WHAT IS NEEDED: An exact copy of all the entries is needed, with no images in it.

───── RECORD SET

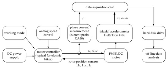 The permanent magnet brushless direct current motor (PM BLDC), due to its advantages (high efficiency, high power factor, very good power to volume ratio, low maintenance requirements), is increasingly used in various industrial drives and a large number of electrically-propelled or electrically supported vehicles. This extensive range of applications is influenced by the values of exploitation parameters, such as multi-fold torque overload capacity, low moment of inertia, increased general efficiency, and a wide range of rotational speed regulation [1,2]. However, despite these considerable advantages, during exploitation, PM BLDC motors are fault-prone due to the occurrence of various damages [3,4,5]:
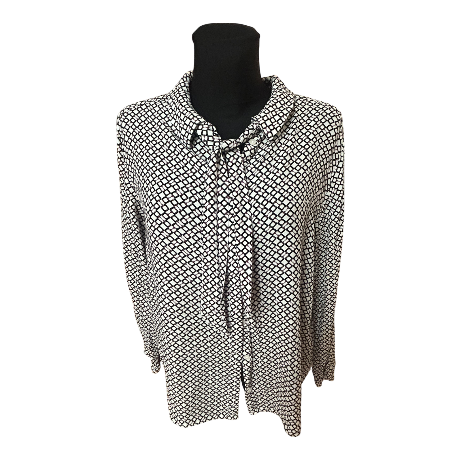 Bonita Bluse Damen Gr 42 Weiss Schwarz Muster Langarm Elegant Klassisch
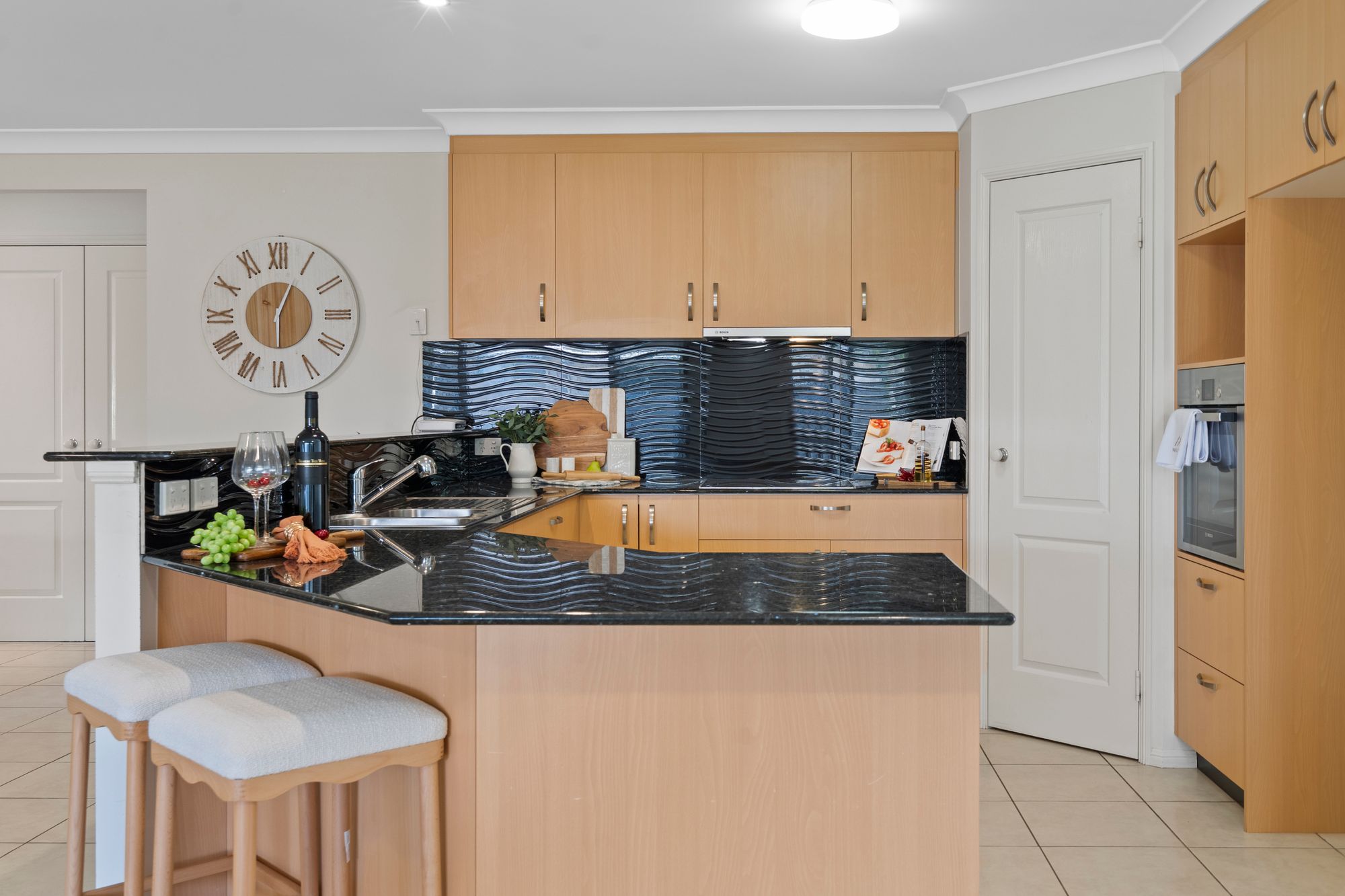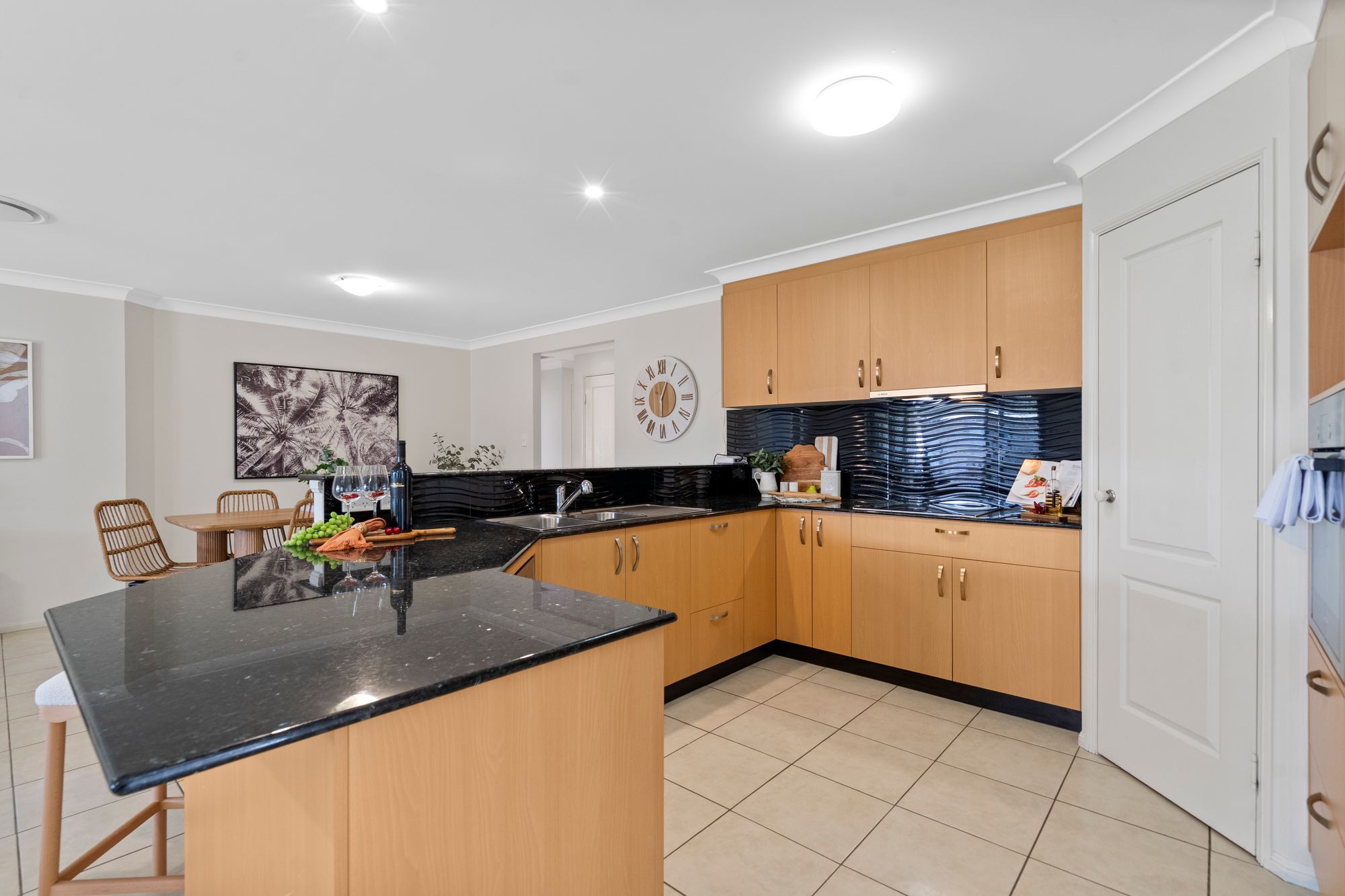 * Chefs kitchen with granite bench tops and European appliances
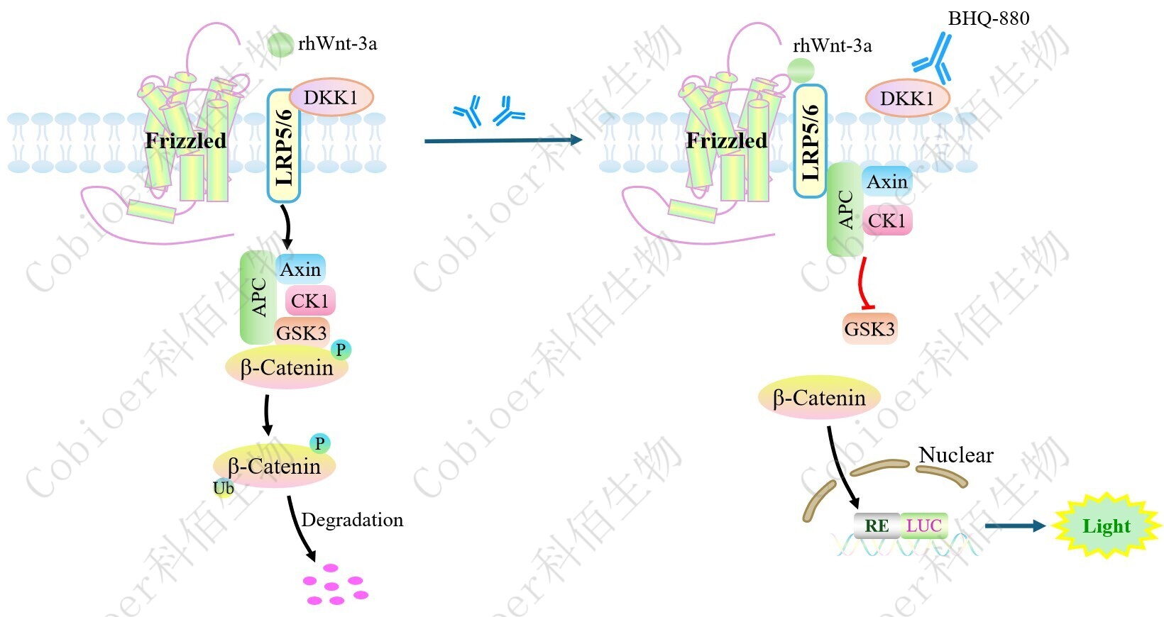 DKK1 Effector Reporter Cell 報(bào)告基因藥靶模型很好的模擬了體內(nèi) WNT 的信號(hào)轉(zhuǎn)導(dǎo)過(guò)程,原理見(jiàn)下圖所示。![]() Figure 1. DKK1 Effector Reporter Cell 模型原理圖 |
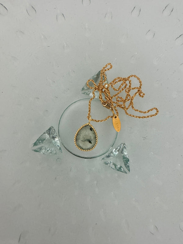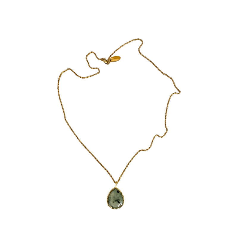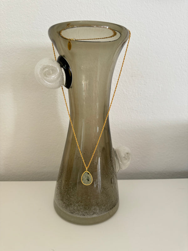 Handmade twisted gold pendant with a natural Prehnite stone embedded on a twisted silhouette chain.
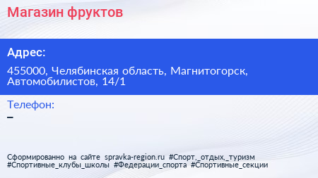Магазин фруктов по адресу 455000, Челябинская область, Магнитогорск, Автомобилистов, 14/1 в дальнейшем Организация, размещена в следующих категориях:
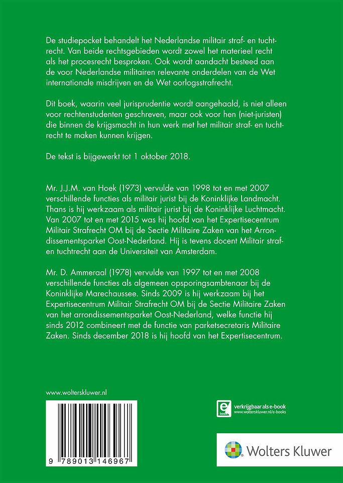Deze studiepocket geeft een compleet overzicht van de straf- en tuchtrechtelijke kaders die gelden voor de krijgsmacht. De lezer krijgt een helder beeld van het Nederlandse militair straf- en tuchtrecht en de voor Nederlandse militairen relevante onderdelen van de Wet internationale misdrijven en de Wet oorlogsstrafrecht.
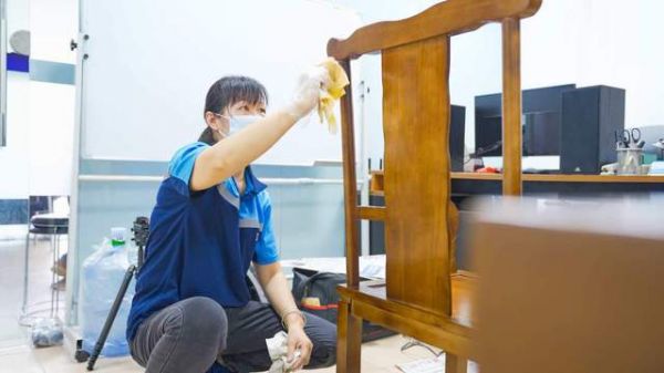 李世梅师傅这次的工作内容就是为家具除霉。清洁、除霉、调色、固色等一系列工作做完之后,家具焕然一新。按理说,服务效果达到客户预期,已经可以看做一次优秀的服务。
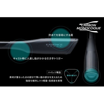[カーボンモノコックグリップ]は、その軽量・中空・薄肉な一体成型構造によって手に響き渡るような高感度を実現。
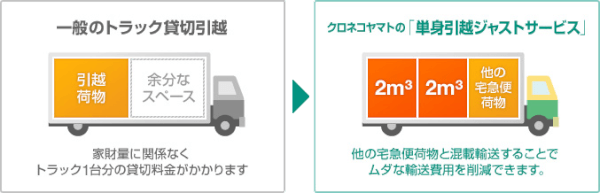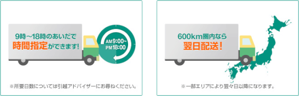 | 単身引越ジャストサービス | スピーディな配送とリーズナブルな料金設定を実現したプラン。時間指定、翌日発送がで可能です。 |
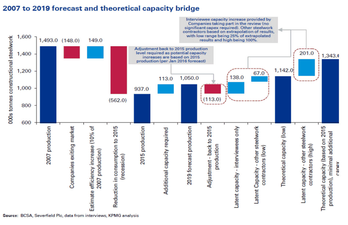 A report from KPMG concludes that UK steelwork contractors hold latent capacity of between 205,000t and 406,000t. The UK’s constructional steelwork capacity therefore lies between 1,142,000t and 1,343,000t against a forecast demand for constructional steelwork of 1,050,000t in 2019.
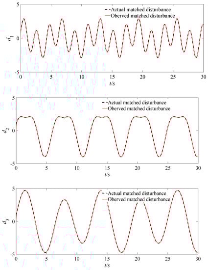 As shown in Figure 2 and Figure 3, the disturbance observer can quickly and accurately track the actual mismatched disturbances dm and d, respectively, after short fluctuations. The estimated errors of the disturbances are also very small, which can suppress the disturbance effects on the control system; therefore, the quadrotor UAV attitude control system is less affected by disturbances.
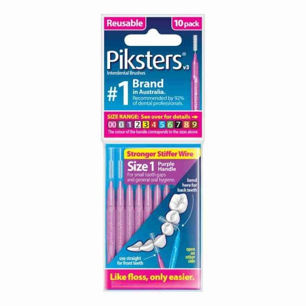 Piksters Interdental Brushes easily get into and clean tight areas of the mouth where a toothbrush cannot reach. The spaces between teeth can conceal parts of the tooth surface, by cleaning in the spaces you get the advantage of helping reduce decay and potential gum disease. These small size 1 brushes are ideal for small tooth gaps and inside gum pockets. Each brush features an extended purple handle and a flexible head for easy access to your molars and comfortable cleaning at any angle. The brush head consists of strong & stiff plastic-coated wire covered in soft, space-filling bristles to effectively trap and scrub away food particles and dental plaque.
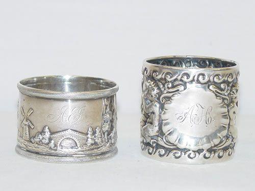 (2) STERLING NAPKIN RINGS: (1) W/ CHERUBS & DRAGONS (SLIGHTLY OUT OF ROUND) & (1) W/ EUROPEAN LANDSCAPE W/ WINDMILLS, BRIDGES, ETC. - BOTH W/ MONOGRAMS
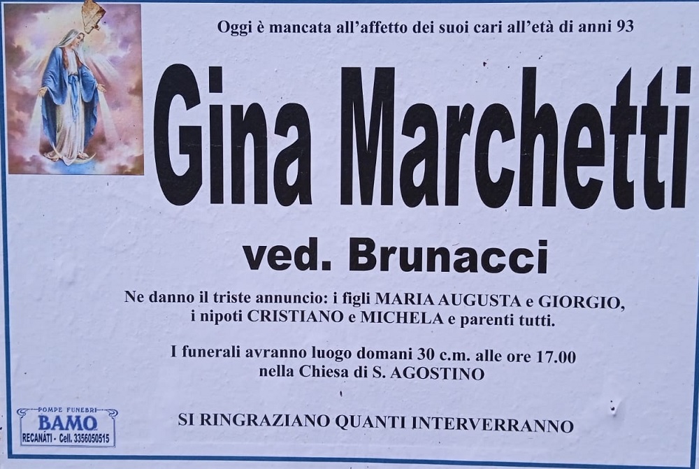 Home » E’ morta Gina Marchetti ved. Brunacci
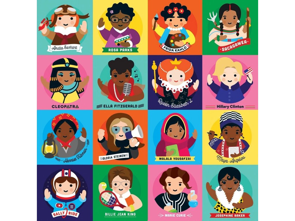 500dílné puzzle se skládá z barevných ilustrovaných portrétů skutečných žen, které historicky ovlivnily svět. Ilustrace Lydie Ortiz seznamují děti s těmito významnými lidmi v historii pomocí obrázků, které jsou zábavné a realistické. Puzzle zahrnuje umělkyně, kterými jsou Maya Angelou, Josephine Baker, Frida Kahlo a Ella Fitzgerald, zahrnuje i vůdkyně jako Kleopatra, královna Alžběta I., Indira Gandhi a Hillary Clinton, zahrnuje také aktivistky - Harriet Tubman, Rosa Parks, Gloria Steinem a Malala Yousafzai a zobrazuje také průkopníce, jako je Marie Curie, Sally Ride, Amelia Earhart a Billie Jean King. Hlavní vlastnosti: obsahuje 500 dílkůvyrobeno z recyklovaných materiálůtištěno netoxickými inkoustyilustrace Lydie OrtizSizing info

──────────

RESPONSE BELOW:
 The permanent magnet brushless direct current motor (PM BLDC), due to its advantages (high efficiency, high power factor, very good power to volume ratio, low maintenance requirements), is increasingly used in various industrial drives and a large number of electrically-propelled or electrically supported vehicles. This extensive range of applications is influenced by the values of exploitation parameters, such as multi-fold torque overload capacity, low moment of inertia, increased general efficiency, and a wide range of rotational speed regulation [1,2]. However, despite these considerable advantages, during exploitation, PM BLDC motors are fault-prone due to the occurrence of various damages [3,4,5]:
 Bonita Bluse Damen Gr 42 Weiss Schwarz Muster Langarm Elegant Klassisch
 * Chefs kitchen with granite bench tops and European appliances
 DKK1 Effector Reporter Cell 報(bào)告基因藥靶模型很好的模擬了體內(nèi) WNT 的信號(hào)轉(zhuǎn)導(dǎo)過(guò)程,原理見(jiàn)下圖所示。![]() Figure 1. DKK1 Effector Reporter Cell 模型原理圖 |
 Handmade twisted gold pendant with a natural Prehnite stone embedded on a twisted silhouette chain.
Магазин фруктов по адресу 455000, Челябинская область, Магнитогорск, Автомобилистов, 14/1 в дальнейшем Организация, размещена в следующих категориях:
Deze studiepocket geeft een compleet overzicht van de straf- en tuchtrechtelijke kaders die gelden voor de krijgsmacht. De lezer krijgt een helder beeld van het Nederlandse militair straf- en tuchtrecht en de voor Nederlandse militairen relevante onderdelen van de Wet internationale misdrijven en de Wet oorlogsstrafrecht.
 李世梅师傅这次的工作内容就是为家具除霉。清洁、除霉、调色、固色等一系列工作做完之后,家具焕然一新。按理说,服务效果达到客户预期,已经可以看做一次优秀的服务。
[カーボンモノコックグリップ]は、その軽量・中空・薄肉な一体成型構造によって手に響き渡るような高感度を実現。
 | 単身引越ジャストサービス | スピーディな配送とリーズナブルな料金設定を実現したプラン。時間指定、翌日発送がで可能です。 |
 A report from KPMG concludes that UK steelwork contractors hold latent capacity of between 205,000t and 406,000t. The UK’s constructional steelwork capacity therefore lies between 1,142,000t and 1,343,000t against a forecast demand for constructional steelwork of 1,050,000t in 2019.
 As shown in Figure 2 and Figure 3, the disturbance observer can quickly and accurately track the actual mismatched disturbances dm and d, respectively, after short fluctuations. The estimated errors of the disturbances are also very small, which can suppress the disturbance effects on the control system; therefore, the quadrotor UAV attitude control system is less affected by disturbances.
 Piksters Interdental Brushes easily get into and clean tight areas of the mouth where a toothbrush cannot reach. The spaces between teeth can conceal parts of the tooth surface, by cleaning in the spaces you get the advantage of helping reduce decay and potential gum disease. These small size 1 brushes are ideal for small tooth gaps and inside gum pockets. Each brush features an extended purple handle and a flexible head for easy access to your molars and comfortable cleaning at any angle. The brush head consists of strong & stiff plastic-coated wire covered in soft, space-filling bristles to effectively trap and scrub away food particles and dental plaque.
 (2) STERLING NAPKIN RINGS: (1) W/ CHERUBS & DRAGONS (SLIGHTLY OUT OF ROUND) & (1) W/ EUROPEAN LANDSCAPE W/ WINDMILLS, BRIDGES, ETC. - BOTH W/ MONOGRAMS
 Home » E’ morta Gina Marchetti ved. Brunacci
 500dílné puzzle se skládá z barevných ilustrovaných portrétů skutečných žen, které historicky ovlivnily svět. Ilustrace Lydie Ortiz seznamují děti s těmito významnými lidmi v historii pomocí obrázků, které jsou zábavné a realistické. Puzzle zahrnuje umělkyně, kterými jsou Maya Angelou, Josephine Baker, Frida Kahlo a Ella Fitzgerald, zahrnuje i vůdkyně jako Kleopatra, královna Alžběta I., Indira Gandhi a Hillary Clinton, zahrnuje také aktivistky - Harriet Tubman, Rosa Parks, Gloria Steinem a Malala Yousafzai a zobrazuje také průkopníce, jako je Marie Curie, Sally Ride, Amelia Earhart a Billie Jean King. Hlavní vlastnosti: obsahuje 500 dílkůvyrobeno z recyklovaných materiálůtištěno netoxickými inkoustyilustrace Lydie OrtizSizing info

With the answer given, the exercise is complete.